I decided to do a post all about my first year experience of college/uni. This may be helpful for anyone starting college in September.
The thought of moving away from home was very scary. I was leaving home and going to a place where none of my friends from school were going. I knew that it would be hard but I had no idea how hard it would be. I was just so happy to finally get my accommodation finally sorted that I didn't ask for any details about the house. I choose to live in student accommodation. As the receptionist for the accommodation lead me and my mum to the door, she explained that I was going to be living with six other people!! Six girls!! Complete strangers! The thought got me nervous. I met all the housemates one by one. They seemed okay, but that night they went out and left me on my own. I'm a shy person anyways around new people and it was very overwhelming moving into a house with six overconfident girls. None of them seemed remotely like me. The first night away from home was horrible. I couldn't stop crying. I missed my mum so much. I just wanted to go home. The next day was orientation. I was so sad all day, I felt so homesick. I met some nice girls that day but I couldn't wait to make some proper friends. The next few weeks, I was still homesick, living in a house I absolutely hated, constant houseparties and no one cleaning up after themselves. I was starting to make friends on my course but still felt so unhappy. I was crying all the time. The thought of going home at the weekend kept me going through the week. I felt so intimidated by the girls I was living with. They always hard the house full of different people and I never once felt at home. They were such a tough few months. My life had changed so much and I just wanted to it to go back to how it was. There was a girl from my hometown who I kind of knew living nearby so I used to spend time with her sometimes. If I didn't even have her I don't know what I would have done. I was going out and having fun yeah, but I just didn't feel myself.
The second semester was so much better and I finally started to enjoy myself!
It began with seven weeks of placement, as I'm a nursing student. I loved it and it was so much better than sitting in boring lectures all day! I used to visit these two girls that I became friendly with in the first semester in the evenings. I don't know what I would have done without these. There was another girl who was in my course as well that also used to go and visit them. I was friends with her from the very beginning. All of us just bonded and became the best of friends. I love those girls way too much and we are unbelievably close. The memories we've had together since!
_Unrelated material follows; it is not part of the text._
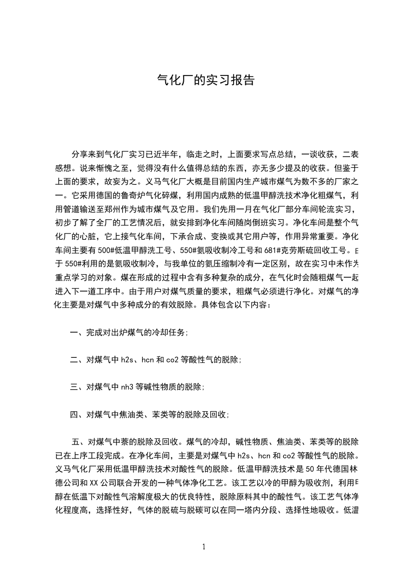 2)通过对XX集团人工制气厂的参观及工人师傅的讲解了解燃气制造及输配的有关知识。了解燃气的种类、主要成分及其特点;天然气成气机理及输配的有关知识;人工制气的工艺流程及设备组成及制气、输气和用气的相关的安全的知识。

For the last few weeks, I just spent all my time at their house and I was feeling myself again. Nothing like those horrible first few months!
Looking back I just realise that it takes time. Your not just going to adapt to your new life straight away. First year was definitely an experience and I can say I enjoyed it now, well the second semester anyways. I love my course so far and I hope it stays that way. I am going to have lots more college related posts coming up.